Why do I spend money on a 20 year old bike? It's a nice peace of tech and I like the color scheme. Seat, handlebar, tires and pedals will be swapped, general cleaning is required. Chain is still fine, brake shoes new, shifters are sticky and need servicing. Fox Float works fine but makes a sound when extending. Fork works fine but needs to be pressurized for my weight (If I can find an adapter for the valve).
However, I'm struggling to find out what year it is. It has a 2000 Rockshox SID XC Hydra air installed. Bike Serial No search didn't bring up any results... bikes are often not registered upon purchase in my area. A search on google for 2001 Trek Fuel 100 brings up bikes with a similar color scheme but different components and even different wheels!


----------



## kmartfullsquish (Mar 10, 2021)

Not worth spending money on, would be unreliable on the trails with the v brakes and components most likely in need of a service. If you were to spend money on it, get new rims, knobbier tires and disc brakes on it if you can.


----------



## jonyferr (Feb 11, 2021)

Drivetrain looks good. With all those questions I would assume this is your first decent bike. It is good for any summer ride cause the v-brake will have a stable performance (no mud to give you surprises). That might not be a problem depending on how step you expect to ride.
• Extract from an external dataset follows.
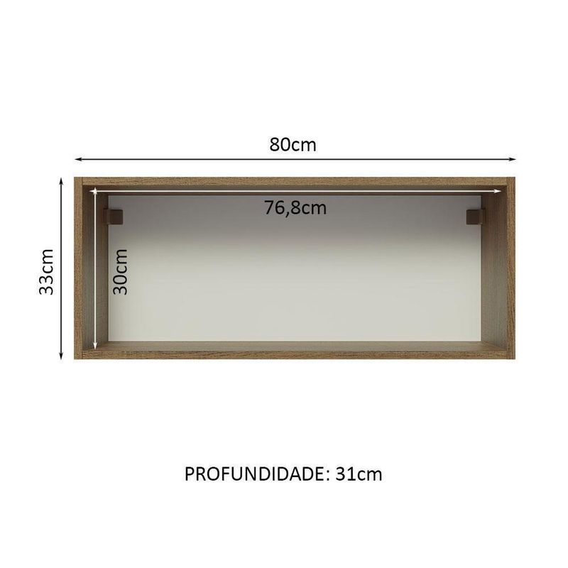 Armário Aéreo Madesa Lux 80 cm 1P Suspensa Rustic e PretoEste Armário Aéreo de 80 cm da linha Lux da Madesa é desenvolvido com materiais de alta qualidade, como puxadores em alumínio e dobradiças metálicas. Possui uma porta basculante que recebe um vidro preto aplicado, muito bonito e moderno. Pode ser utilizado para ampliar sua cozinha e se destaca pela praticidade e pelo bom espaço interno para a organização de louças e utensílios. O acabamento da estrutura interna e externa é no padrão amadeirado Rustic. A porta possui pintura preta. É feito em Pintura Poliéster ecológica, com 7 camadas que aumentam a qualidade e durabilidade do produto. O armário pode ser combinado com outros módulos e com todas as cozinhas da linha Lux da Madesa. O armário precisa ser fixado na parede.Itens Inclusos:- Um (1) aéreo de 33 cm de altura x 80 cm de largura x 31 cm de profundidade com uma (1) porta basculante.Especificações Técnicas:- Marca: Madesa- Código do produto: G258047KLX- Cor: Preto- Produto: Aramário Aéreo - Material: Mdp- Dimensões (AxLxP): 33 x 80 x 31 cm - Peso Aproximado: 15 kg- Garantia: 3 Meses Obs.: O produto segue com manual de instalação e todas as ferragens necessárias para sua montagem.

Almost for sure a 2001 frame that had a few components changed over the years.
Biggest issue will be the lack of propedal on the rear shock. It depends on how well or not the frame bobs when you pedal. 

I would give it a good clean and lube the drivetrain, suspension/shock legs, gear and brake cables. That can improve a lot the shifting/ braking feeling and suspension sensitivity. Other than that, ride it and see what defects will annoy you (don't fall for the wheel size/old geometry thing). Since you are good to the sport, any reliable bike will be good to start.


----------



## TrekRidr (Mar 25, 2021)

jonyferr said:


> Drivetrain looks good. With all those questions I would assume this is your first decent bike. It is good for any summer ride cause the v-brake will have a stable performance (no mud to give you surprises). That might not be a problem depending on how step you expect to ride.
> 
> Almost for sure a 2001 frame that had a few components changed over the years.
> Biggest issue will be the lack of propedal on the rear shock. It depends on how well or not the frame bobs when you pedal.
> ...


Thanks for the info. I was slightly confused by the components installed. I got the Fox service kit and swapped handlebar/stem, seat and pedals to suit my size and style. Cleaning and lubing was a quick job and shifting is fine now. It's a fun bike.


----------